**ABOUT THIS TASK:** Leaving the pictures out, print the lines from the first line of the listing through the line containing "Infographic template with", exactly as they read, and no others.

**DATASET ENTRIES:**
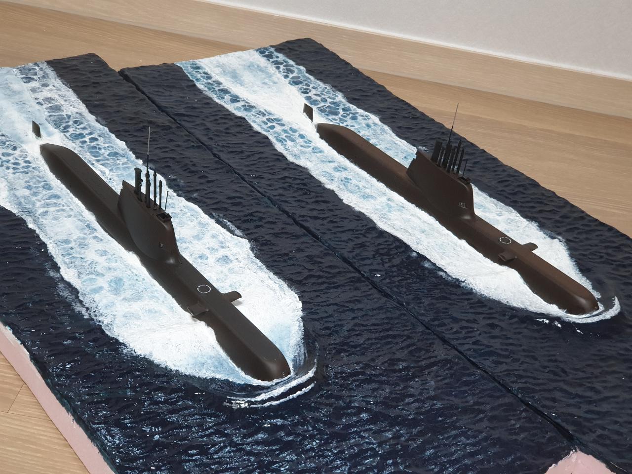 바다베이스는 지점토로 모양을 내고 아크릴 물감으로 붓칠 했습니다.
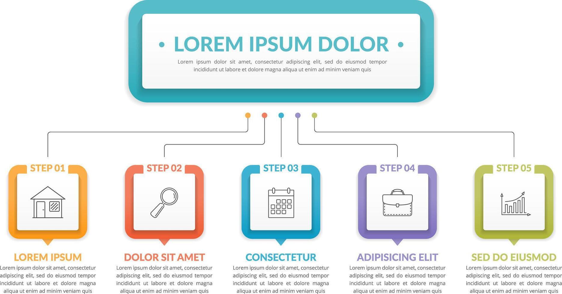Infographic template with main idea and 5 steps or options, workflow, process chart Pro Vector
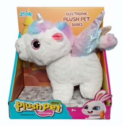 Pluszowy jednorożec posiada błyszczące skrzydełka i kolorową grzywę. Wykonany z miękkiego pluszu. Jednorożec potrafi chodzić. Zabawka działa na baterie AA. Baterie nie są załączone do zabawki. Produkt dla dzieci od 3 lat. Zapakowana w kartonowe pudełko. Podane wymiary są wymiarami opakowania.
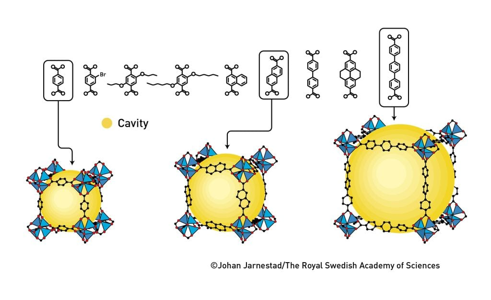 图 6. 二十一世纪初,奥马尔·亚吉证实可构建系列化 MOF 材料。通过调控分子连接体,成功获得具备不同性质的材料,包括 16 种具有不同孔径的 MOF-5 变体。©Johan Jarnestad/瑞典皇家科学院
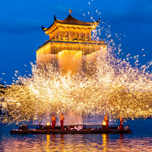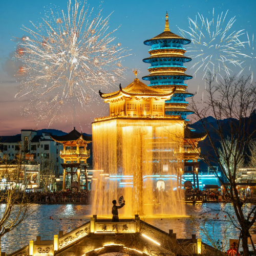 酒店~一座千年歷史【瑤里古鎮】江西安徽邊界的明珠,人文與生態化徽派小鄉~【徽州不夜城·婺女洲】觀賞震撼火焰美學演出:水上打鐵花、火爐、火刀、火流星、篝火狂歡等,金閣水幕燈光秀
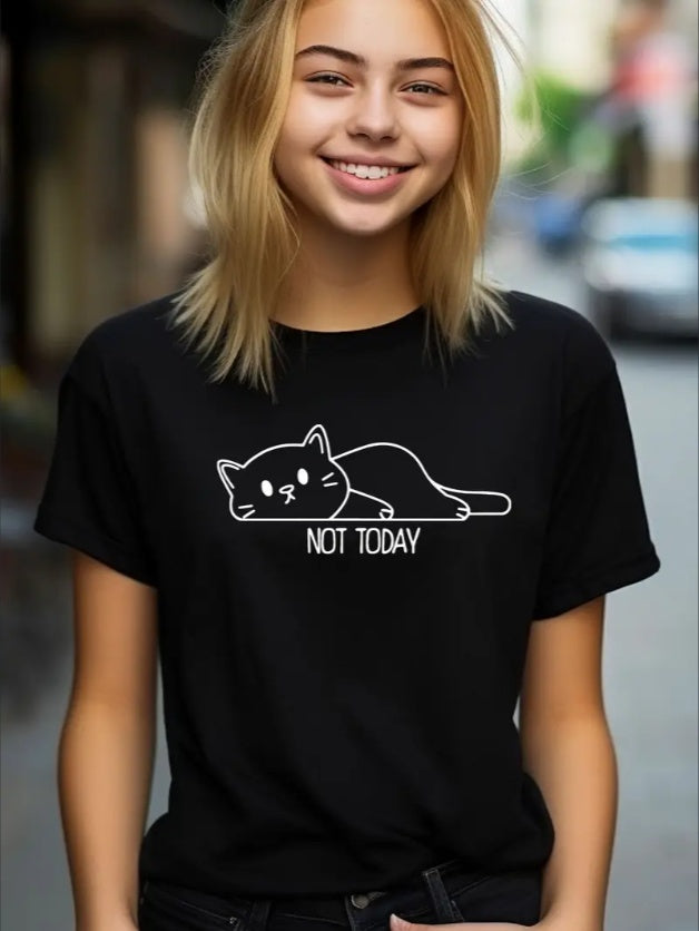 Not Today Cat Print Girls' T-Shirt - Casual Short Sleeve, Crew Neck Top For Teens - Perfect For Spring Summer

**WRITTEN ANSWER:**
 바다베이스는 지점토로 모양을 내고 아크릴 물감으로 붓칠 했습니다.
Infographic template with main idea and 5 steps or options, workflow, process chart Pro Vector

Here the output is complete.